Work item> An exact copy is all that is wanted: the lines from the one with "Tilted Pear Shape" through the end of the listing below, both included, minus any pictures.

Available data>
------
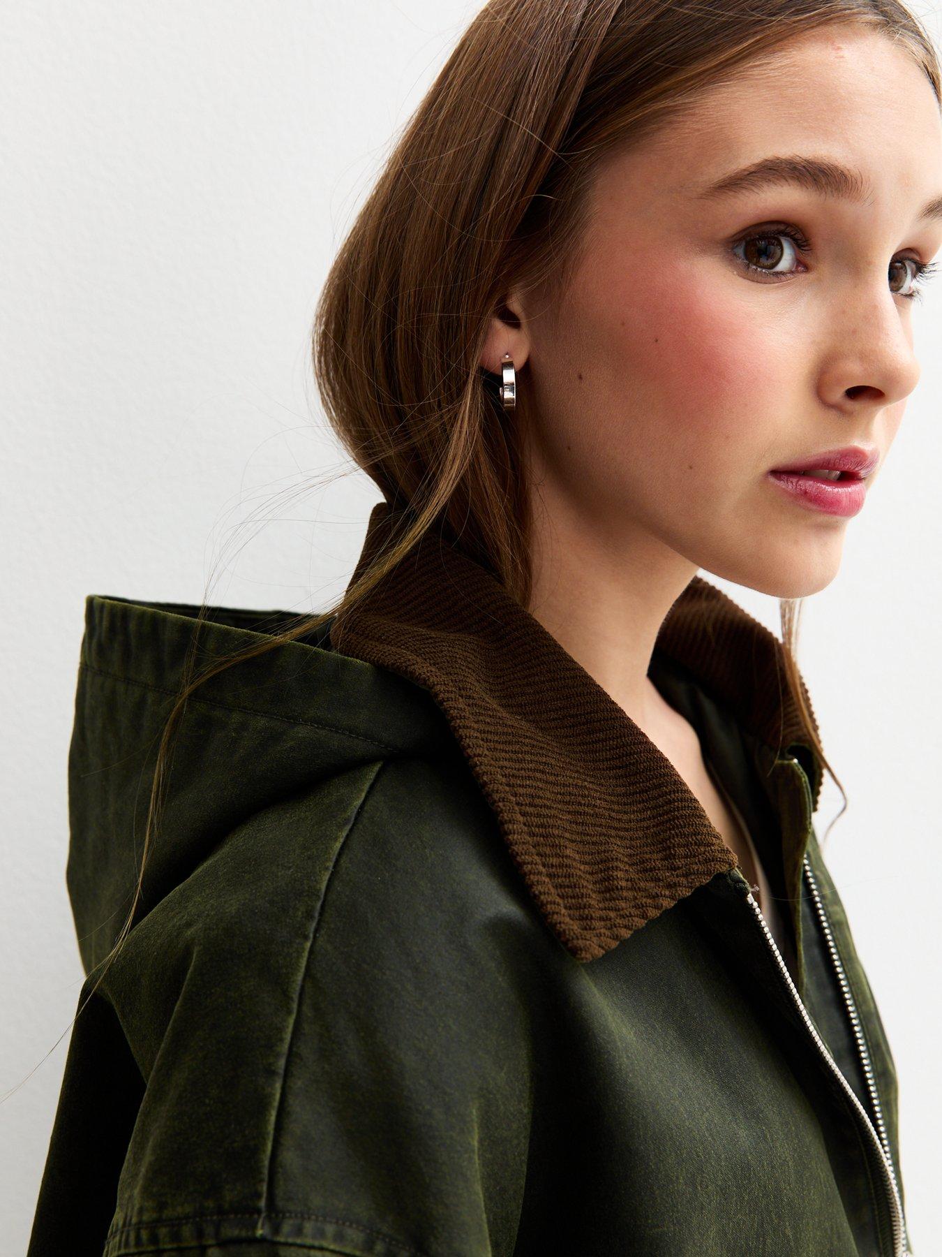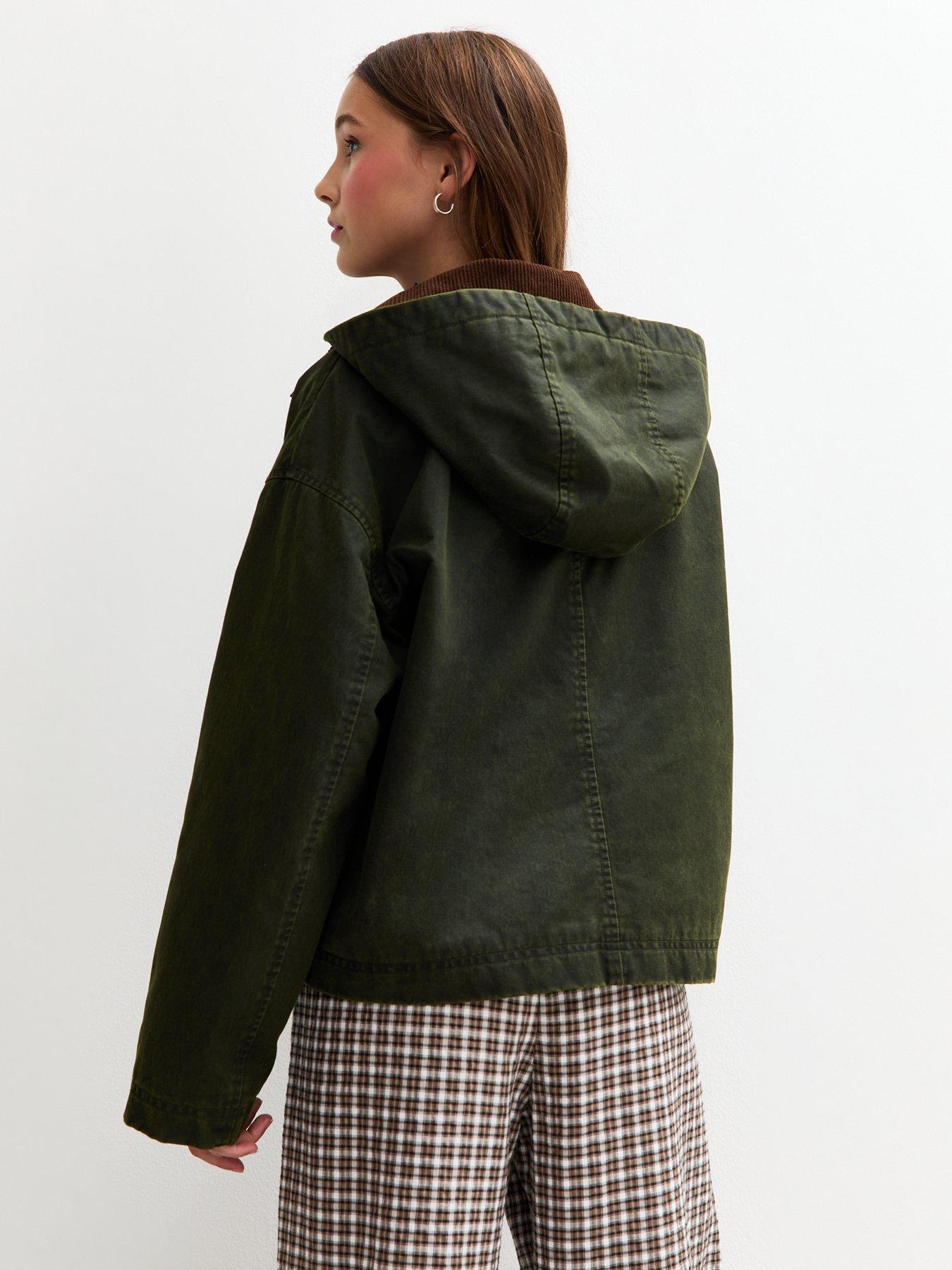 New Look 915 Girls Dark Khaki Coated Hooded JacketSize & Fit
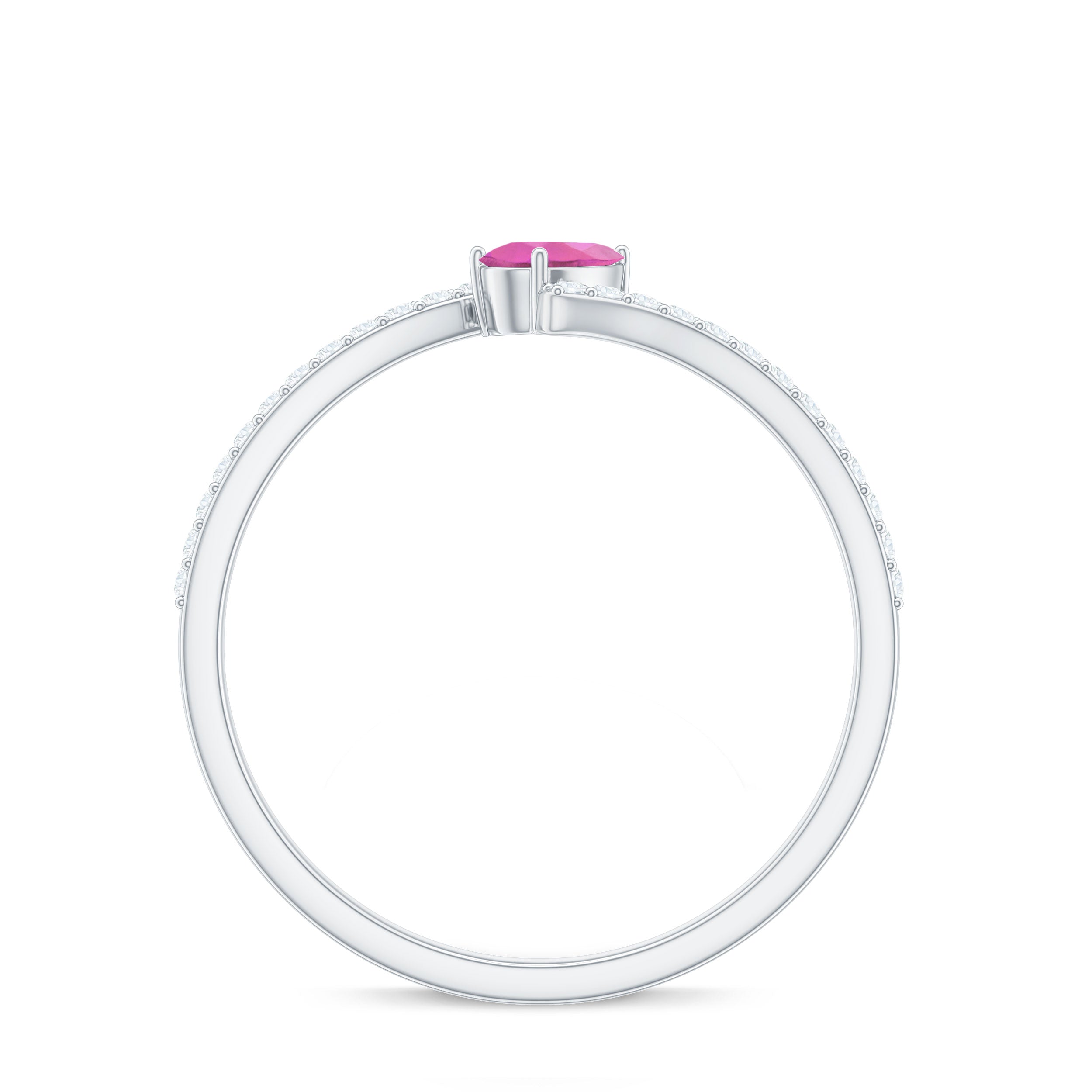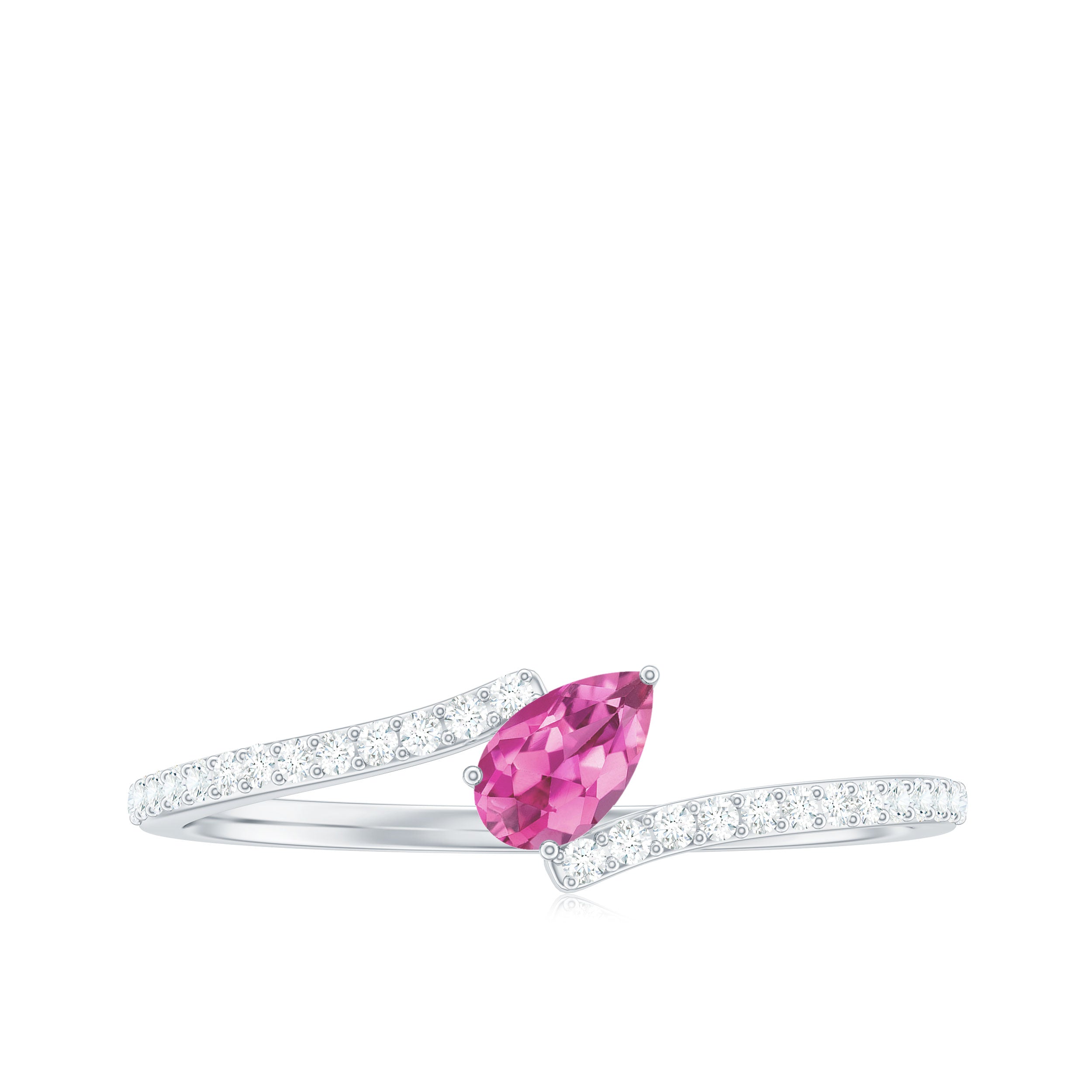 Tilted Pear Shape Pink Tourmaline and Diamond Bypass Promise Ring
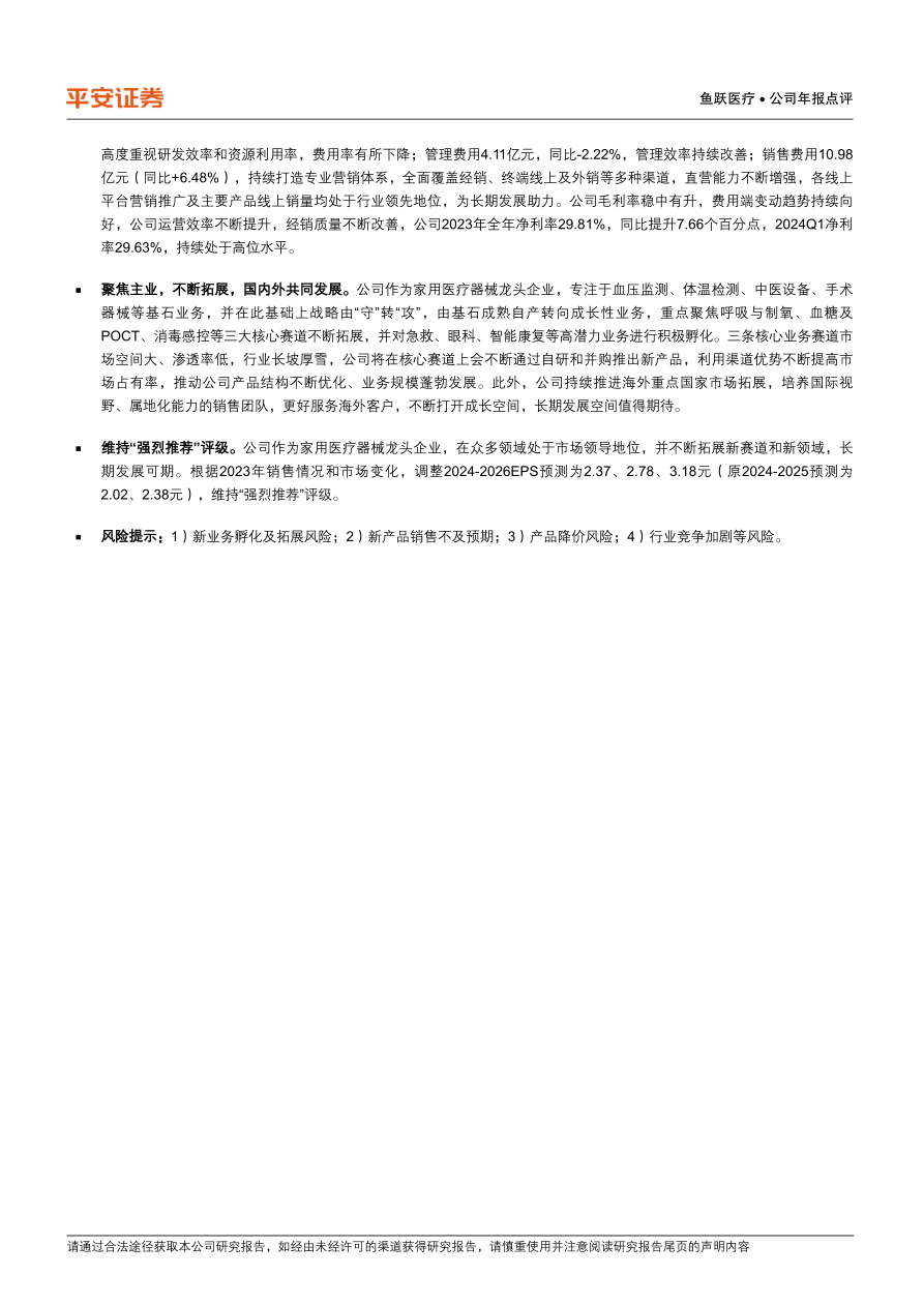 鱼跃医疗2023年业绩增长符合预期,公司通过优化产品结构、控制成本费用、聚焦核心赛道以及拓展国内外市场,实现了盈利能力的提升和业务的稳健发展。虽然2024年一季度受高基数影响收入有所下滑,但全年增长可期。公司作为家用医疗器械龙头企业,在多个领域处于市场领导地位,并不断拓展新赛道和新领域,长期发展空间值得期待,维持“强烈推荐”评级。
------
Result of the exercise>
 Tilted Pear Shape Pink Tourmaline and Diamond Bypass Promise Ring
 鱼跃医疗2023年业绩增长符合预期,公司通过优化产品结构、控制成本费用、聚焦核心赛道以及拓展国内外市场,实现了盈利能力的提升和业务的稳健发展。虽然2024年一季度受高基数影响收入有所下滑,但全年增长可期。公司作为家用医疗器械龙头企业,在多个领域处于市场领导地位,并不断拓展新赛道和新领域,长期发展空间值得期待,维持“强烈推荐”评级。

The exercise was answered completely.